COLLECTED MATERIAL Start Marker

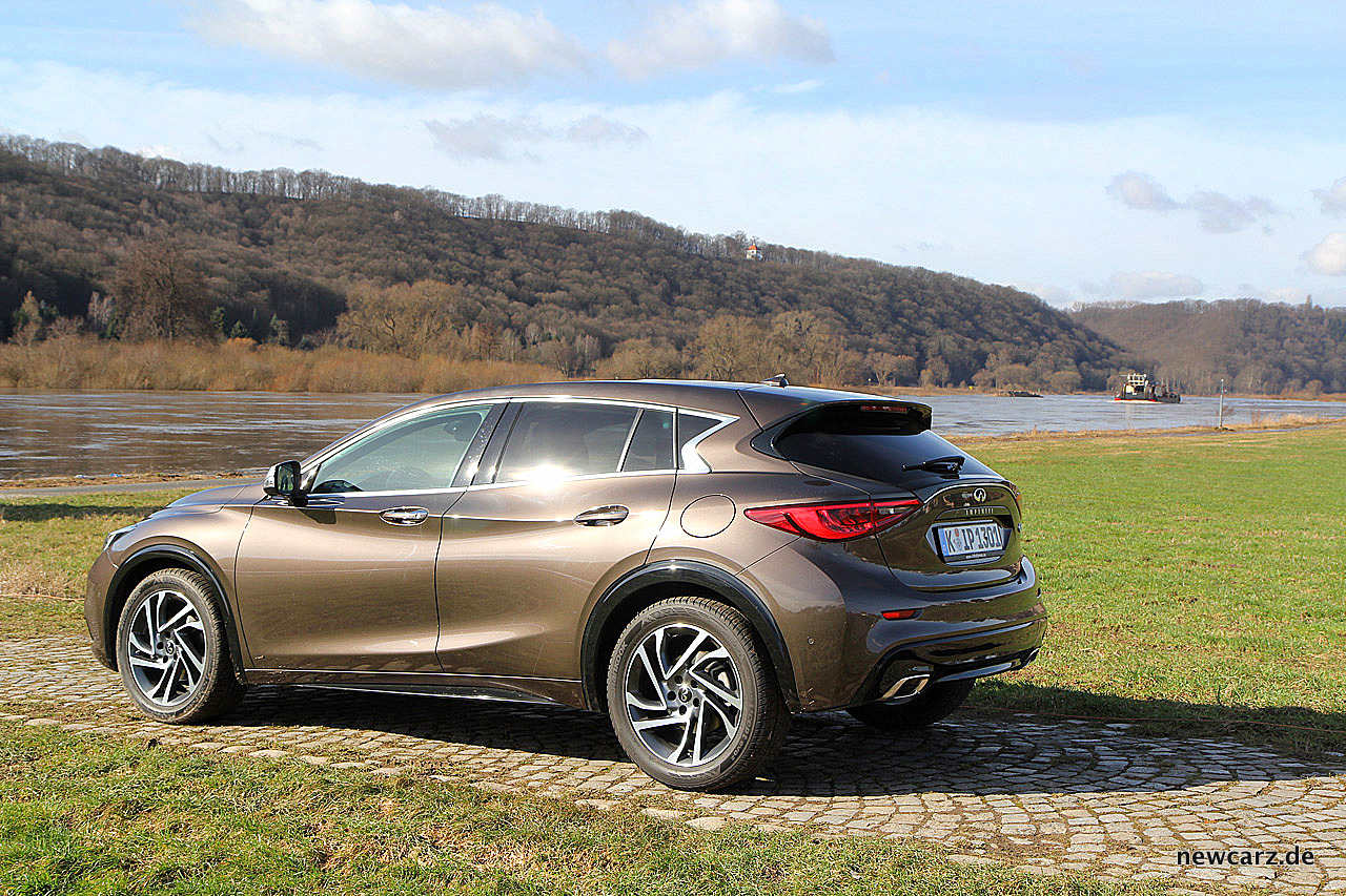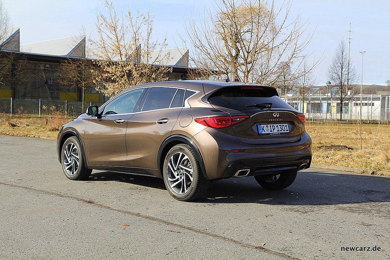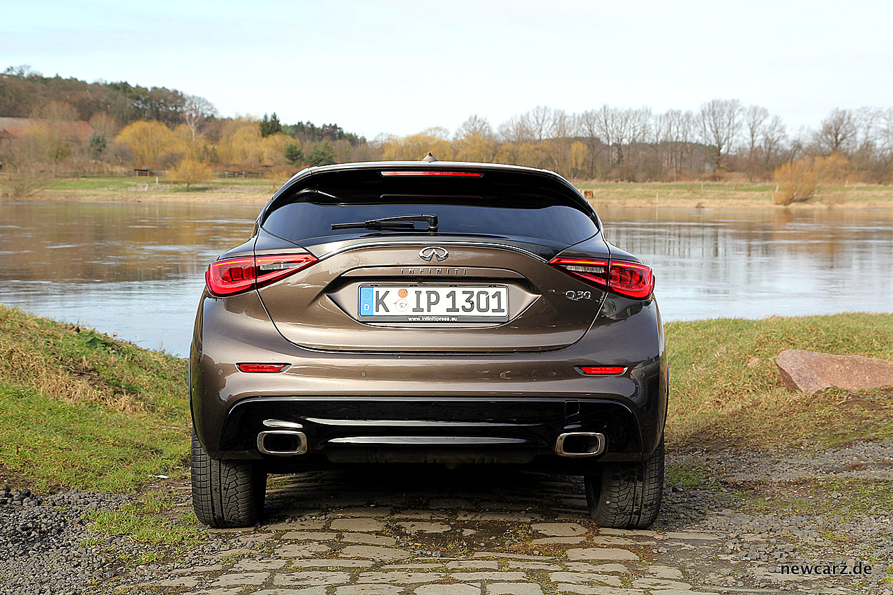 Am Heck zeugen moderne LED-Schlussleuchten und eine zweiflutige Abgasanlage mit verchromten Endrohren für eine sportlich dezente Note. Der angedeutete Heckdiffusor in schwarzer Klavierlackoptik dient zudem als Fingerzeig auf den Anspruch zur Hochwertigkeit. Vor allem hier wird der insgesamt etwas höhere Aufbau des Q30 sehr deutlich.
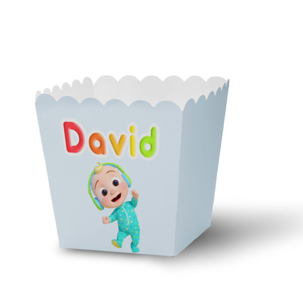 Ko ne voli kokice? Ove hrskave grickalice su savršene za rođendanske proslave, jer su ukusne, lagane i lako se dele. Kutijice za kokice su napravljene od papira i imaju oblik kvadrata koji omogućava da se kokice lako uzimaju. Možete ih naručiti u temi koju vi odaberete i u bojama koje se slažu sa vašom dekoracijom. Svaka kutijica ima personalizovano ime koje možete odštampati u boji po želji ili u elegantnom zlatnom ili srebrnom otisku. Kutijice za kokice su praktične i elegantne posude koje će dodati šarm vašem stolu. Deca će uživati u grickanju kokica dok gledaju crtani film, igraju se ili pričaju.
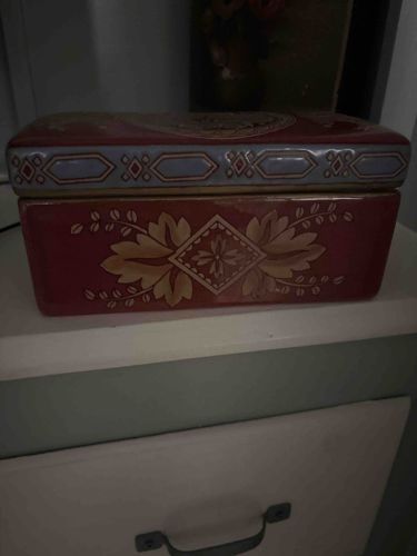 This is a rectangular ceramic trinket or vanity box, likely dating from the mid-20th century. The piece features a deep burgundy or maroon base glaze on the body and the lid. The front panel of the base is decorated with a transfer-printed or hand-painted botanical motif in a muted buff-ochre color, consisting of a central diamond-shaped floral crest flanked by acanthus-style leaves and delicate sprigs. The lid has a raised, stepped profile with a light-blue or periwinkle border containing a geometric pattern of elongated hexagons and diamonds. This decorative molding suggests a mid-century interpretation of French Neoclassical or Empire styles. The box appears to be constructed of a kiln-fired ceramic, possibly earthenware or stoneware, with a high-gloss finish. Regarding condition, there is a visible chip or loss of glaze on the lower-left corner of the lid's border, and the alignment of the lid to the base shows slight unevenness, common in mass-produced decorative ceramics. No specific maker’s mark is visible in the provided angle, but the style is characteristic of European export ware (French or Italian) or higher-quality Japanese ceramics from the 1960s. The interior is likely unglazed or white-glazed for utility. The overall craftsmanship displays intentional symmetry and a rich color palette suitable for a traditional dressing table or mantle.

COLLECTED MATERIAL End Marker

PROBLEM TO WORK ON —
Set the listing down in full and exactly. Pictures within it should not appear in the copy.

SOLUTION TO THE PROBLEM —
 Am Heck zeugen moderne LED-Schlussleuchten und eine zweiflutige Abgasanlage mit verchromten Endrohren für eine sportlich dezente Note. Der angedeutete Heckdiffusor in schwarzer Klavierlackoptik dient zudem als Fingerzeig auf den Anspruch zur Hochwertigkeit. Vor allem hier wird der insgesamt etwas höhere Aufbau des Q30 sehr deutlich.
 Ko ne voli kokice? Ove hrskave grickalice su savršene za rođendanske proslave, jer su ukusne, lagane i lako se dele. Kutijice za kokice su napravljene od papira i imaju oblik kvadrata koji omogućava da se kokice lako uzimaju. Možete ih naručiti u temi koju vi odaberete i u bojama koje se slažu sa vašom dekoracijom. Svaka kutijica ima personalizovano ime koje možete odštampati u boji po želji ili u elegantnom zlatnom ili srebrnom otisku. Kutijice za kokice su praktične i elegantne posude koje će dodati šarm vašem stolu. Deca će uživati u grickanju kokica dok gledaju crtani film, igraju se ili pričaju.
 This is a rectangular ceramic trinket or vanity box, likely dating from the mid-20th century. The piece features a deep burgundy or maroon base glaze on the body and the lid. The front panel of the base is decorated with a transfer-printed or hand-painted botanical motif in a muted buff-ochre color, consisting of a central diamond-shaped floral crest flanked by acanthus-style leaves and delicate sprigs. The lid has a raised, stepped profile with a light-blue or periwinkle border containing a geometric pattern of elongated hexagons and diamonds. This decorative molding suggests a mid-century interpretation of French Neoclassical or Empire styles. The box appears to be constructed of a kiln-fired ceramic, possibly earthenware or stoneware, with a high-gloss finish. Regarding condition, there is a visible chip or loss of glaze on the lower-left corner of the lid's border, and the alignment of the lid to the base shows slight unevenness, common in mass-produced decorative ceramics. No specific maker’s mark is visible in the provided angle, but the style is characteristic of European export ware (French or Italian) or higher-quality Japanese ceramics from the 1960s. The interior is likely unglazed or white-glazed for utility. The overall craftsmanship displays intentional symmetry and a rich color palette suitable for a traditional dressing table or mantle.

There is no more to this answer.